DESCRIPTION OF THE TASK: Return the data below unchanged, without images.

DATA EXTRACT:
++++++++++
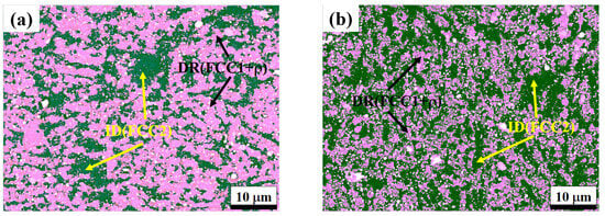 CuCrFeMnNi HEA powder consists of a metastable FCC main phase and a BCC secondary phase [18,19]. In the sintered state, these phases transform into the FCC1 main phase, the FCC2 secondary phase, and a ρ phase with relative contents of 40.2%, 31.8%, and 28.0%, respectively. When the furnace was cold, the relative content of the FCC1 phase decreased to 27.4%, that of the FCC2 phase increased to 52.2%, and that of the ρ phase decreased to 20.4%. With an increase in cooling rate, the relative content of the FCC1 phase increased from 27.4% to 51.3%, that of the FCC2 phase decreased from 52.2% to 32.3%, and that of the ρ phase initially decreased from 20.4% to 14.8%, and then slightly increased to 16.4%. This finding indicates that during high-temperature heat treatment, the precipitation and decomposition of these phases occurs dynamically [18]. In particular, the high-melting-point phases preferentially precipitate during cooling [27]. The ρ phase is a Cr5Fe6Mn8 intermetallic compound with a tetragonal crystal structure and is known for its relatively high melting point. Its primary constituents are Cr, Fe, and Mn, and it exhibits high microhardness (1273 HV). In XRD, it is primarily observed in the range of 2θ = 41° to 49° [15]. FCC1 is an (Fe, Cr, Mn)-rich phase, with a lower melting point than the ρ phase, and FCC2 is a (Cu, Ni, Mn)-rich phase, with the lowest melting point. The differing lattice constants of the two phases resulted in a double-peak phenomenon in the XRD patterns. The CuCrFeMnNi sintered alloy underwent isothermal aging and four different cooling methods. The phases comprised two types of FCC phase (FCC1 and FCC2) plus a minor amount of the Cr5Fe6Mn8 phase, closely resembling previous research findings.
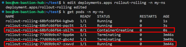 - 클러스터 가동 중지 시간 없이 새 버전을 배포하면서, 새 버전 파드를 하나씩 늘려가고 기존 버전의 파드를 하나씩 줄여나가는 방식이다.
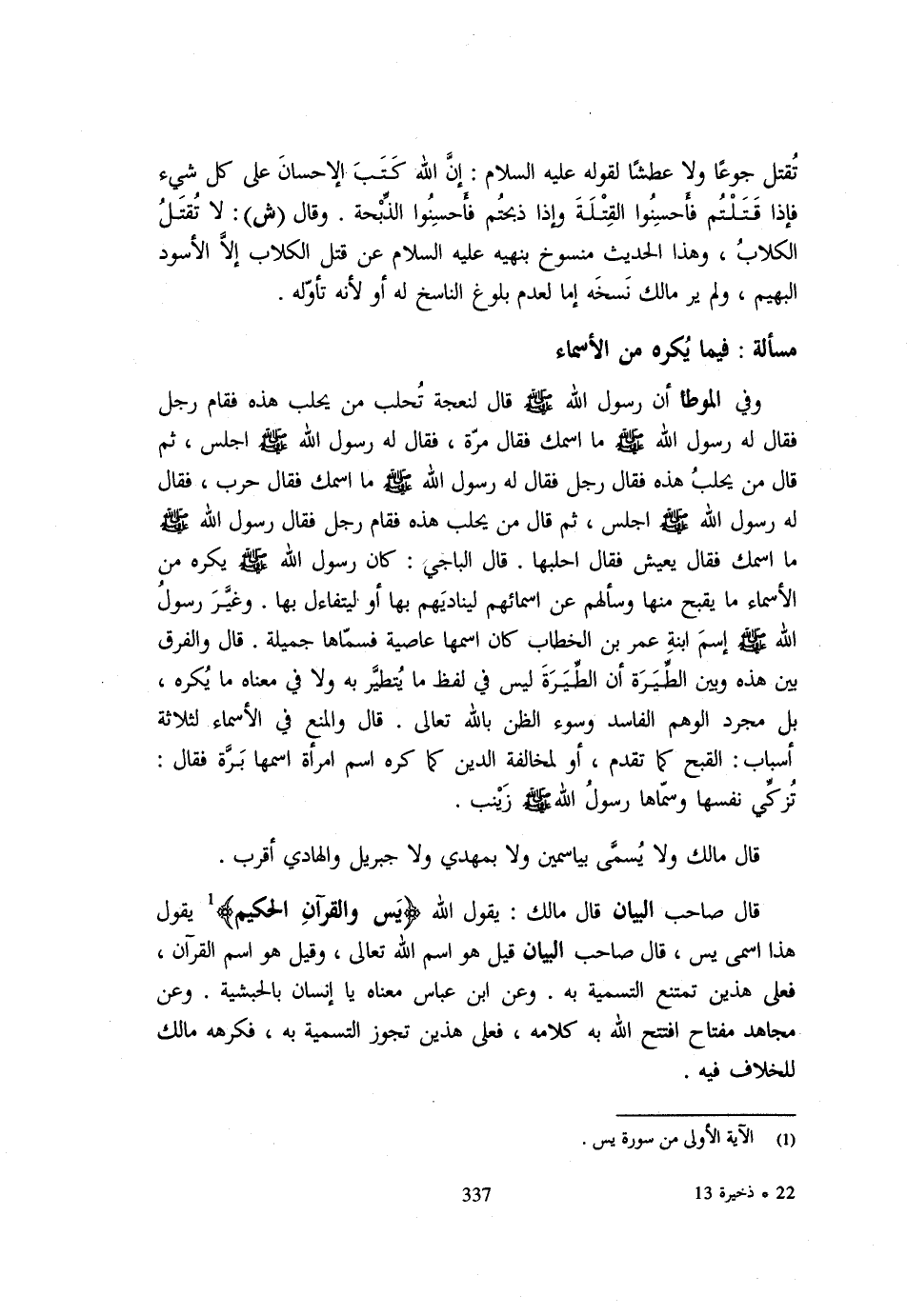 وَفِي الْمُوَطَّأِ أَنَّ رَسُولَ اللَّهِ - صَلَّى اللَّهُ عَلَيْهِ وَسَلَّم َ - قَالَ لِنَعْجَةٍ تُحْلَبُ مَنْ يَحْلُبُ هَذِهِ فَقَامَ رَجُلٌ فَقَالَ لَهُ رَسُولُ اللَّهِ - صَلَّى اللَّهُ عَلَيْهِ وَسَلَّم َ - مَا اسْمُكَ فَقَالَ مُرَّةُ فَقَالَ لَهُ رَسُولُ اللَّهِ - صَلَّى اللَّهُ عَلَيْهِ وَسَلَّم َ - اجْلِسْ ثمَّ قَالَ من يحلب هَذِه فَقَالَ رَجُلٌ فَقَالَ لَهُ رَسُولُ اللَّهِ - صَلَّى اللَّهُ عَلَيْهِ وَسَلَّم َ - مَا اسْمُكَ فَقَالَ حَرْبٌ فَقَالَ لَهُ رَسُولُ اللَّهِ - صَلَّى اللَّهُ عَلَيْهِ وَسَلَّم َ - اجْلِسْ ثُمَّ قَالَ مَنْ يَحْلُبُ هَذِهِ فَقَامَ رَجُلٌ فَقَالَ رَسُولُ اللَّهِ - صَلَّى اللَّهُ عَلَيْهِ وَسَلَّم َ - مَا اسْمُكَ فَقَالَ يَعِيشُ فَقَالَ احْلُبْهَا قَالَ الْبَاجِيُّ كَانَ رَسُولُ اللَّهِ - صَلَّى اللَّهُ عَلَيْهِ وَسَلَّم َ - يَكْرَهُ مِنَ الْأَسْمَاءِ مَا يَقْبُحُ مِنْهَا وَسَأَلَهُمْ عَنْ أَسْمَائِهِمْ لِيُنَادِيَهُمْ بِهَا أَوْ لِيَتَفَاءَلَ بِهَا وَغَيَّرَ رَسُولُ اللَّهِ - صَلَّى اللَّهُ عَلَيْهِ وَسَلَّم َ - اسْمَ ابْنَةِ عُمَرَ بْنِ الْخَطَّابِ كَانَ اسْمُهَا عَاصِيَةَ فَسَمَّاهَا جَمِيلَةَ قَالَ وَالْفَرْقُ بَيْنَ هَذِهِ وَبَيْنَ الطِّيَرَةِ أَنَّ الطِّيَرَةَ لَيْسَ فِي لَفْظِ مَا يُتَطَيَّرُ بِهِ وَلَا فِي مَعْنَاهُ مَا يُكْرَهُ بَلْ مُجَرَّدُ الْوَهْمِ الْفَاسِدِ وَسُوءِ الظَّنِّ بِاللَّهِ تَعَالَى قَالَ وَالْمَنْعُ فِي الْأَسْمَاءِ لِثَلَاثَةِ أَسْبَابٍ الْقُبْحُ كَمَا تَقَدَّمَ أَوْ لِمُخَالَفَةِ الدِّينِ كَمَا كَرِهَ اسْمَ امْرَأَةٍ اسْمُهَا بَرَّةُ فَقَالَ تُزَكِّي نَفْسَهَا وَسَمَّاهَا رَسُولُ اللَّهِ - صَلَّى اللَّهُ عَلَيْهِ وَسَلَّم َ - زَيْنَب قَالَ مَالك وَلَا يُسمى بياسمين وَلَا بِمَهْدِيٍّ وَلَا جِبْرِيلَ وَالْهَادِي أَقْرَبُ قَالَ صَاحِبُ الْبَيَانِ قَالَ مَالِكٌ يَقُولُ اللَّهُ {يس وَالْقُرْآن الْحَكِيم} يَقُولُ هَذَا اسْمِي يس قَالَ صَاحِبُ الْبَيَانِ قِيلَ هُوَ اسْمُ اللَّهِ تَعَالَى وَقِيلَ هُوَ اسْمُ الْقُرْآنِ فَعَلَى هَذَيْنِ تَمْتَنِعُ التَّسْمِيَةُ بِهِ وَعَنِ ابْنِ عَبَّاسٍ مَعْنَاهُ يَا إِنْسَانُ بِالْحَبَشِيَّةِ وَعَنْ مُجَاهِدٍ مِفْتَاحٌ افْتَتَحَ اللَّهُ بِهِ كَلَامَهُ فَعَلَى هَذَيْنِ تَجُوزُ التَّسْمِيَةُ بِهِ فَكَرِهَهُ مَالِكٌ للْخلاف فِيهِ
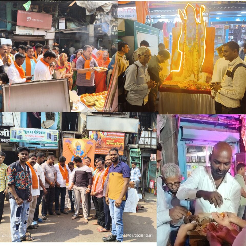 अयोध्येतील प्रभू श्री राम मंदिराच्या राम लल्लाच्या प्राणप्रतिष्ठा अभिषेक सोहळा याचा प्रथम वर्धापन दिनानिमित्त पूजा अर्चना करून प्रसाद वाटप भाजपाने धारावी विभागात केले
++++++++++
FINISHED TASK:
 CuCrFeMnNi HEA powder consists of a metastable FCC main phase and a BCC secondary phase [18,19]. In the sintered state, these phases transform into the FCC1 main phase, the FCC2 secondary phase, and a ρ phase with relative contents of 40.2%, 31.8%, and 28.0%, respectively. When the furnace was cold, the relative content of the FCC1 phase decreased to 27.4%, that of the FCC2 phase increased to 52.2%, and that of the ρ phase decreased to 20.4%. With an increase in cooling rate, the relative content of the FCC1 phase increased from 27.4% to 51.3%, that of the FCC2 phase decreased from 52.2% to 32.3%, and that of the ρ phase initially decreased from 20.4% to 14.8%, and then slightly increased to 16.4%. This finding indicates that during high-temperature heat treatment, the precipitation and decomposition of these phases occurs dynamically [18]. In particular, the high-melting-point phases preferentially precipitate during cooling [27]. The ρ phase is a Cr5Fe6Mn8 intermetallic compound with a tetragonal crystal structure and is known for its relatively high melting point. Its primary constituents are Cr, Fe, and Mn, and it exhibits high microhardness (1273 HV). In XRD, it is primarily observed in the range of 2θ = 41° to 49° [15]. FCC1 is an (Fe, Cr, Mn)-rich phase, with a lower melting point than the ρ phase, and FCC2 is a (Cu, Ni, Mn)-rich phase, with the lowest melting point. The differing lattice constants of the two phases resulted in a double-peak phenomenon in the XRD patterns. The CuCrFeMnNi sintered alloy underwent isothermal aging and four different cooling methods. The phases comprised two types of FCC phase (FCC1 and FCC2) plus a minor amount of the Cr5Fe6Mn8 phase, closely resembling previous research findings.
 - 클러스터 가동 중지 시간 없이 새 버전을 배포하면서, 새 버전 파드를 하나씩 늘려가고 기존 버전의 파드를 하나씩 줄여나가는 방식이다.
 وَفِي الْمُوَطَّأِ أَنَّ رَسُولَ اللَّهِ - صَلَّى اللَّهُ عَلَيْهِ وَسَلَّم َ - قَالَ لِنَعْجَةٍ تُحْلَبُ مَنْ يَحْلُبُ هَذِهِ فَقَامَ رَجُلٌ فَقَالَ لَهُ رَسُولُ اللَّهِ - صَلَّى اللَّهُ عَلَيْهِ وَسَلَّم َ - مَا اسْمُكَ فَقَالَ مُرَّةُ فَقَالَ لَهُ رَسُولُ اللَّهِ - صَلَّى اللَّهُ عَلَيْهِ وَسَلَّم َ - اجْلِسْ ثمَّ قَالَ من يحلب هَذِه فَقَالَ رَجُلٌ فَقَالَ لَهُ رَسُولُ اللَّهِ - صَلَّى اللَّهُ عَلَيْهِ وَسَلَّم َ - مَا اسْمُكَ فَقَالَ حَرْبٌ فَقَالَ لَهُ رَسُولُ اللَّهِ - صَلَّى اللَّهُ عَلَيْهِ وَسَلَّم َ - اجْلِسْ ثُمَّ قَالَ مَنْ يَحْلُبُ هَذِهِ فَقَامَ رَجُلٌ فَقَالَ رَسُولُ اللَّهِ - صَلَّى اللَّهُ عَلَيْهِ وَسَلَّم َ - مَا اسْمُكَ فَقَالَ يَعِيشُ فَقَالَ احْلُبْهَا قَالَ الْبَاجِيُّ كَانَ رَسُولُ اللَّهِ - صَلَّى اللَّهُ عَلَيْهِ وَسَلَّم َ - يَكْرَهُ مِنَ الْأَسْمَاءِ مَا يَقْبُحُ مِنْهَا وَسَأَلَهُمْ عَنْ أَسْمَائِهِمْ لِيُنَادِيَهُمْ بِهَا أَوْ لِيَتَفَاءَلَ بِهَا وَغَيَّرَ رَسُولُ اللَّهِ - صَلَّى اللَّهُ عَلَيْهِ وَسَلَّم َ - اسْمَ ابْنَةِ عُمَرَ بْنِ الْخَطَّابِ كَانَ اسْمُهَا عَاصِيَةَ فَسَمَّاهَا جَمِيلَةَ قَالَ وَالْفَرْقُ بَيْنَ هَذِهِ وَبَيْنَ الطِّيَرَةِ أَنَّ الطِّيَرَةَ لَيْسَ فِي لَفْظِ مَا يُتَطَيَّرُ بِهِ وَلَا فِي مَعْنَاهُ مَا يُكْرَهُ بَلْ مُجَرَّدُ الْوَهْمِ الْفَاسِدِ وَسُوءِ الظَّنِّ بِاللَّهِ تَعَالَى قَالَ وَالْمَنْعُ فِي الْأَسْمَاءِ لِثَلَاثَةِ أَسْبَابٍ الْقُبْحُ كَمَا تَقَدَّمَ أَوْ لِمُخَالَفَةِ الدِّينِ كَمَا كَرِهَ اسْمَ امْرَأَةٍ اسْمُهَا بَرَّةُ فَقَالَ تُزَكِّي نَفْسَهَا وَسَمَّاهَا رَسُولُ اللَّهِ - صَلَّى اللَّهُ عَلَيْهِ وَسَلَّم َ - زَيْنَب قَالَ مَالك وَلَا يُسمى بياسمين وَلَا بِمَهْدِيٍّ وَلَا جِبْرِيلَ وَالْهَادِي أَقْرَبُ قَالَ صَاحِبُ الْبَيَانِ قَالَ مَالِكٌ يَقُولُ اللَّهُ {يس وَالْقُرْآن الْحَكِيم} يَقُولُ هَذَا اسْمِي يس قَالَ صَاحِبُ الْبَيَانِ قِيلَ هُوَ اسْمُ اللَّهِ تَعَالَى وَقِيلَ هُوَ اسْمُ الْقُرْآنِ فَعَلَى هَذَيْنِ تَمْتَنِعُ التَّسْمِيَةُ بِهِ وَعَنِ ابْنِ عَبَّاسٍ مَعْنَاهُ يَا إِنْسَانُ بِالْحَبَشِيَّةِ وَعَنْ مُجَاهِدٍ مِفْتَاحٌ افْتَتَحَ اللَّهُ بِهِ كَلَامَهُ فَعَلَى هَذَيْنِ تَجُوزُ التَّسْمِيَةُ بِهِ فَكَرِهَهُ مَالِكٌ للْخلاف فِيهِ
 अयोध्येतील प्रभू श्री राम मंदिराच्या राम लल्लाच्या प्राणप्रतिष्ठा अभिषेक सोहळा याचा प्रथम वर्धापन दिनानिमित्त पूजा अर्चना करून प्रसाद वाटप भाजपाने धारावी विभागात केले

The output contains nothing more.